#### [Your objective]
Exact reproduction of every record is required, and pictures are to be excluded.

#### [Input material]
= = = =

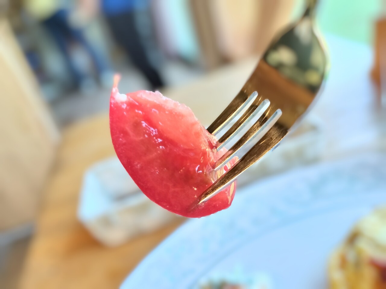 先ずはレアチーズから頂くと 苺のソースとラズベリーの甘酸っぱさと レアチーズの甘さが良い感じに引き合ってバリバリ美味い!
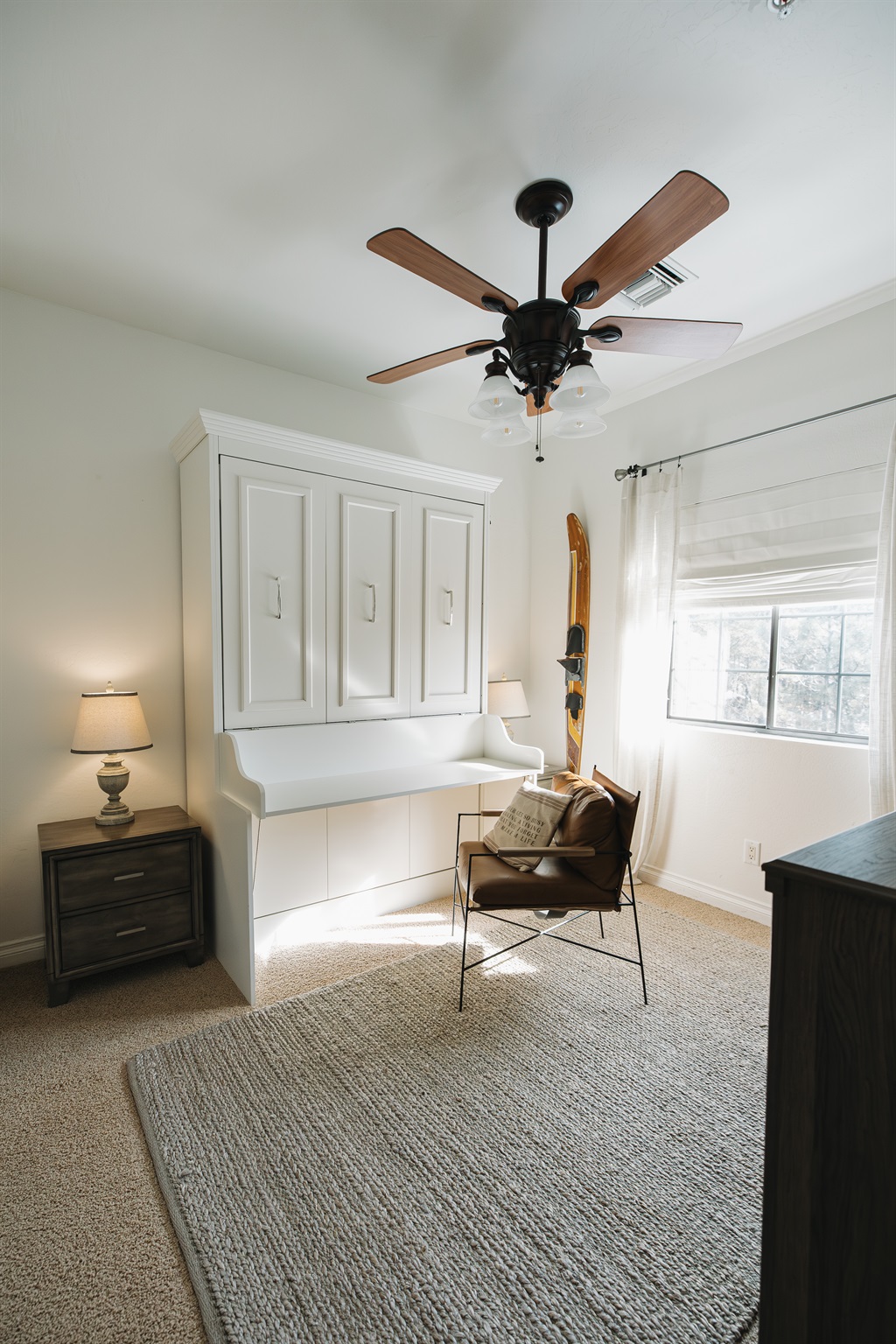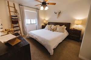 Calm, light-filled bedroom with ceiling fan, ample storage, and cozy reading chair—perfect for unpacking, working remotely, or enjoying a peaceful mountain getaway.
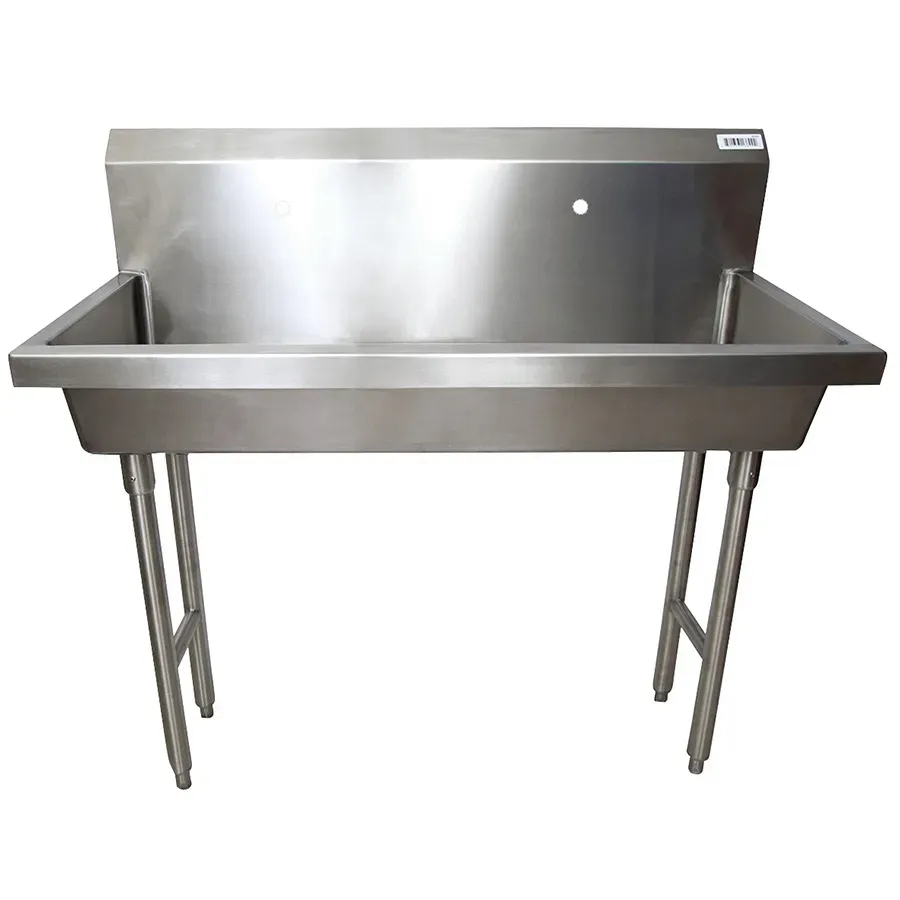 Unleash culinary creativity with the BK Resources MSHS-48F1 Handwash Sink. This freestanding sink is designed specifically for commercial restaurant use, providing a convenient and hygienic solution for handwashing. The sink features two station handwash capabilities, allowing multiple staff members to wash their hands simultaneously. The 48-inch width and 19-7/8-inch front-to-back dimension provide ample space for easy handwashing, while the 8-inch deep bowl ensures efficient water containment. Made from 14/304 stainless steel, this sink is durable and resistant to corrosion, making it perfect for the demands of a busy restaurant kitchen. The sink also includes a basket drain for easy waste disposal. With 18-gauge stainless steel legs and supports, this sink is sturdy and reliable. NSF certified, this BK Resources Handwash Sink is a must-have for any commercial restaurant looking to maintain the highest standards of cleanliness and sanitation.
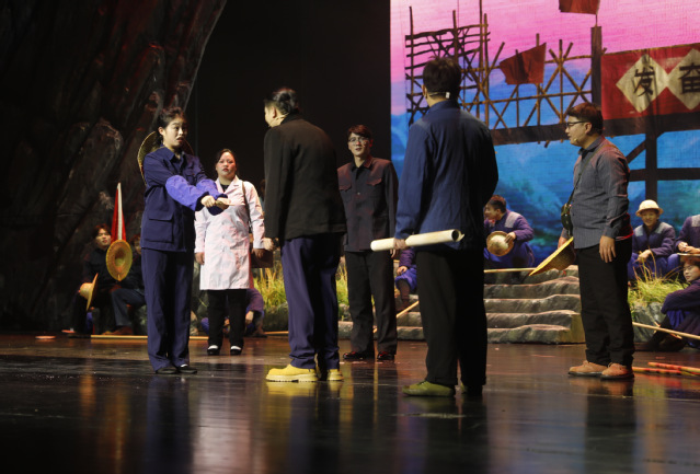 2024年12月20日,由贵州省委宣传部、贵州省文化和旅游厅、贵州省文学艺术界联合会主办,贵州省文化演艺集团承办,六盘水市委宣传部、六盘水市文体广电旅游局协办,贵州省演出公司、六盘水市文化馆、贵州文化体育运营管理有限公司执办,六盘水师范学院艺术学院演出的三线建设题材大型舞台剧《乌蒙长歌》在六盘水市凉都大剧院演出。(供稿/杨杰 编辑校对/周海云 审核/吴胜柱)
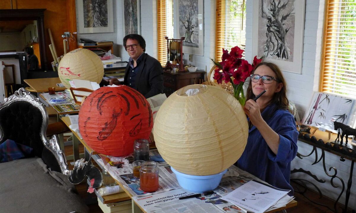 We starten met oefeningen, het ontdekken van vormen die voor jou of je ontvanger iets betekenen. Daarna het maken van ontwerpen op het prachtige transparante rijstpapier. Je kiest zelf of je met kleur wilt werken of Japanse inkt. De rijstpapieren lamp is rood of beige en ongeveer 30 cm. doorsnede. De gekozen ontwerpen worden allereerst gescheurd en dan met speciale lijm op de lamp aangebracht, op zodanige wijze dat het resultaat nog gewijzigd kan worden. Direkt op de lamp schilderen kan natuurlijk ook. Spannend.
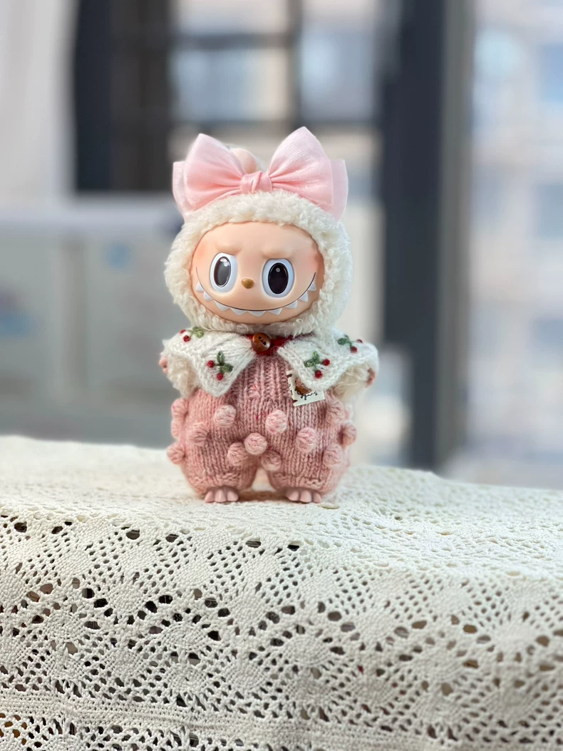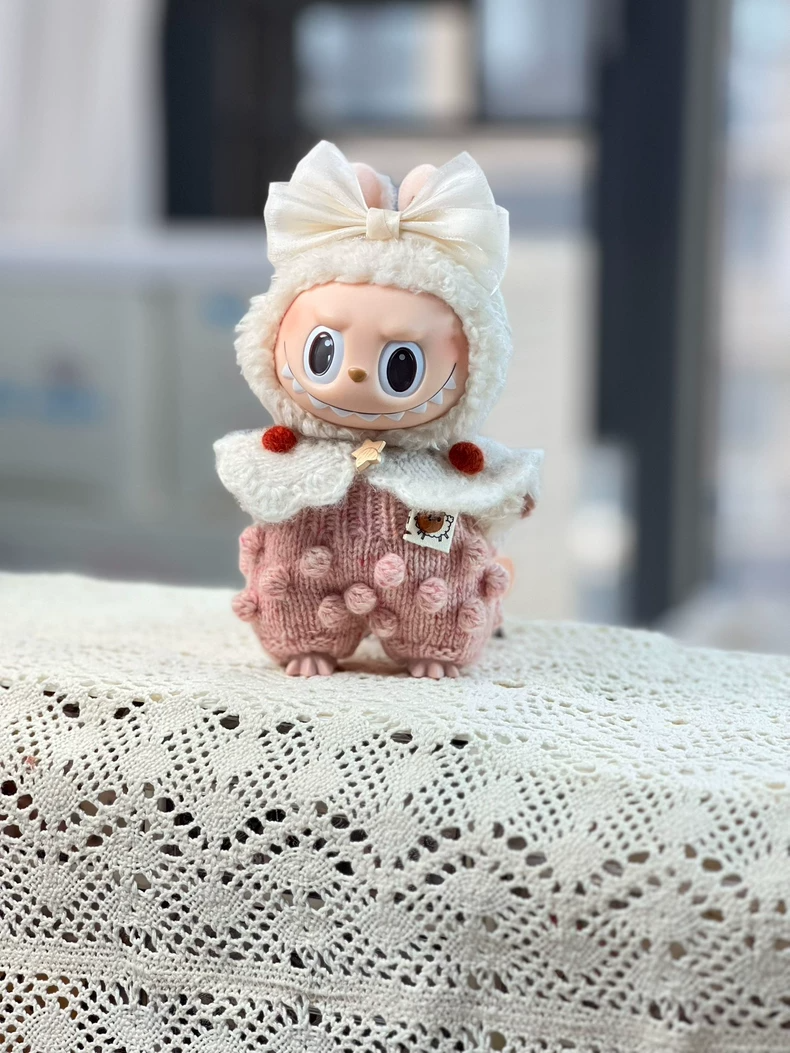 Charming Labubu Knit Outfit: Soft Pastel Design with Bow for Collectible Figures
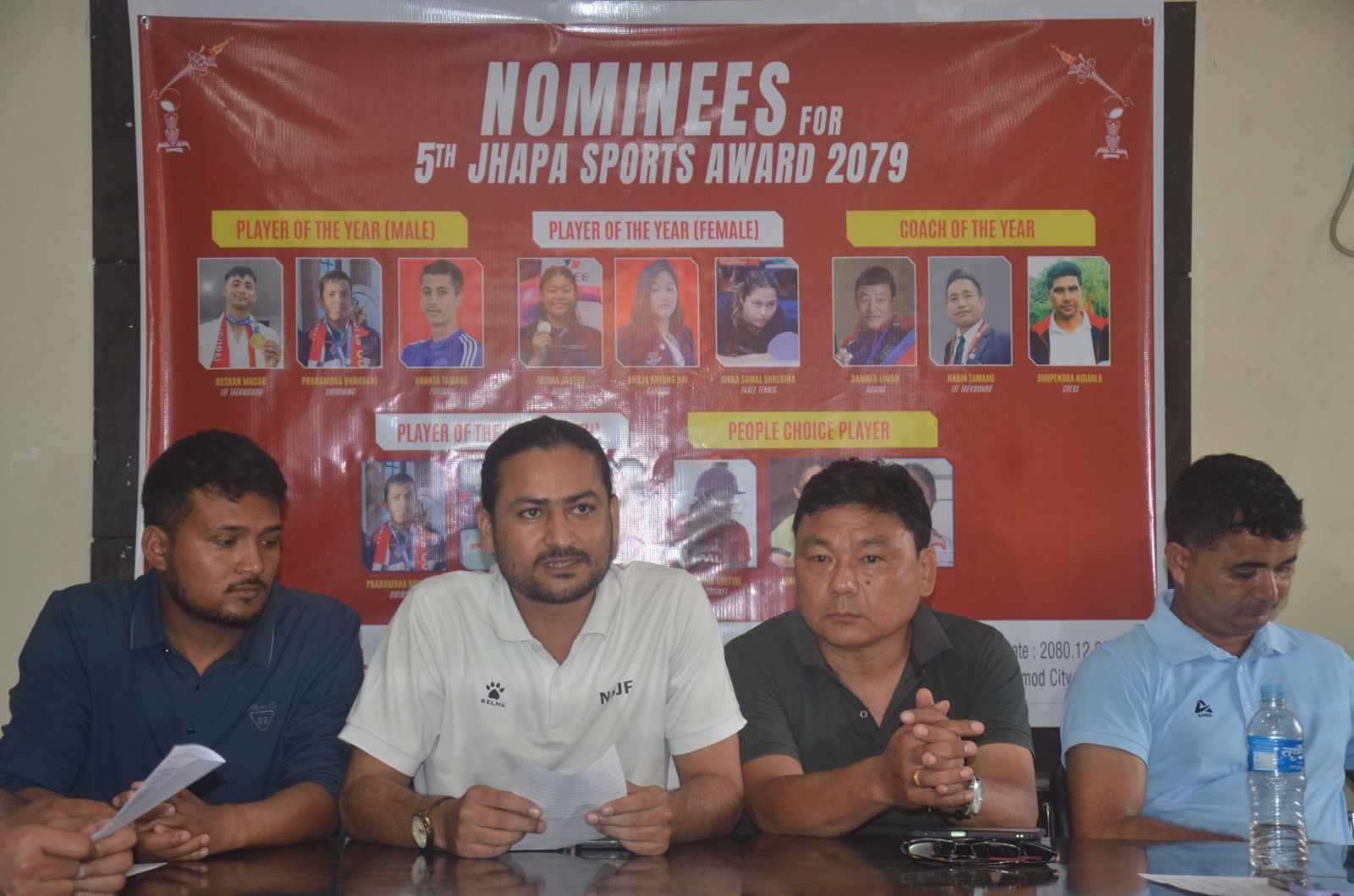नेपाल खेलकुद पत्रकार मञ्च (एनएसजेएफ) जिल्ला समन्वय शाखा झापाले बिहीबार बिर्तामोडमा पत्रकार सम्मेलन गर्दै अवार्डको पाँचौँ संस्करणको मनोनयनमा परेका पाँच विधाका खेल प्रतिभा सार्वजनिक गरेको हो ।

= = = =

#### [Response]
 先ずはレアチーズから頂くと 苺のソースとラズベリーの甘酸っぱさと レアチーズの甘さが良い感じに引き合ってバリバリ美味い!
 Calm, light-filled bedroom with ceiling fan, ample storage, and cozy reading chair—perfect for unpacking, working remotely, or enjoying a peaceful mountain getaway.
 Unleash culinary creativity with the BK Resources MSHS-48F1 Handwash Sink. This freestanding sink is designed specifically for commercial restaurant use, providing a convenient and hygienic solution for handwashing. The sink features two station handwash capabilities, allowing multiple staff members to wash their hands simultaneously. The 48-inch width and 19-7/8-inch front-to-back dimension provide ample space for easy handwashing, while the 8-inch deep bowl ensures efficient water containment. Made from 14/304 stainless steel, this sink is durable and resistant to corrosion, making it perfect for the demands of a busy restaurant kitchen. The sink also includes a basket drain for easy waste disposal. With 18-gauge stainless steel legs and supports, this sink is sturdy and reliable. NSF certified, this BK Resources Handwash Sink is a must-have for any commercial restaurant looking to maintain the highest standards of cleanliness and sanitation.
 2024年12月20日,由贵州省委宣传部、贵州省文化和旅游厅、贵州省文学艺术界联合会主办,贵州省文化演艺集团承办,六盘水市委宣传部、六盘水市文体广电旅游局协办,贵州省演出公司、六盘水市文化馆、贵州文化体育运营管理有限公司执办,六盘水师范学院艺术学院演出的三线建设题材大型舞台剧《乌蒙长歌》在六盘水市凉都大剧院演出。(供稿/杨杰 编辑校对/周海云 审核/吴胜柱)
 We starten met oefeningen, het ontdekken van vormen die voor jou of je ontvanger iets betekenen. Daarna het maken van ontwerpen op het prachtige transparante rijstpapier. Je kiest zelf of je met kleur wilt werken of Japanse inkt. De rijstpapieren lamp is rood of beige en ongeveer 30 cm. doorsnede. De gekozen ontwerpen worden allereerst gescheurd en dan met speciale lijm op de lamp aangebracht, op zodanige wijze dat het resultaat nog gewijzigd kan worden. Direkt op de lamp schilderen kan natuurlijk ook. Spannend.
 Charming Labubu Knit Outfit: Soft Pastel Design with Bow for Collectible Figures
नेपाल खेलकुद पत्रकार मञ्च (एनएसजेएफ) जिल्ला समन्वय शाखा झापाले बिहीबार बिर्तामोडमा पत्रकार सम्मेलन गर्दै अवार्डको पाँचौँ संस्करणको मनोनयनमा परेका पाँच विधाका खेल प्रतिभा सार्वजनिक गरेको हो ।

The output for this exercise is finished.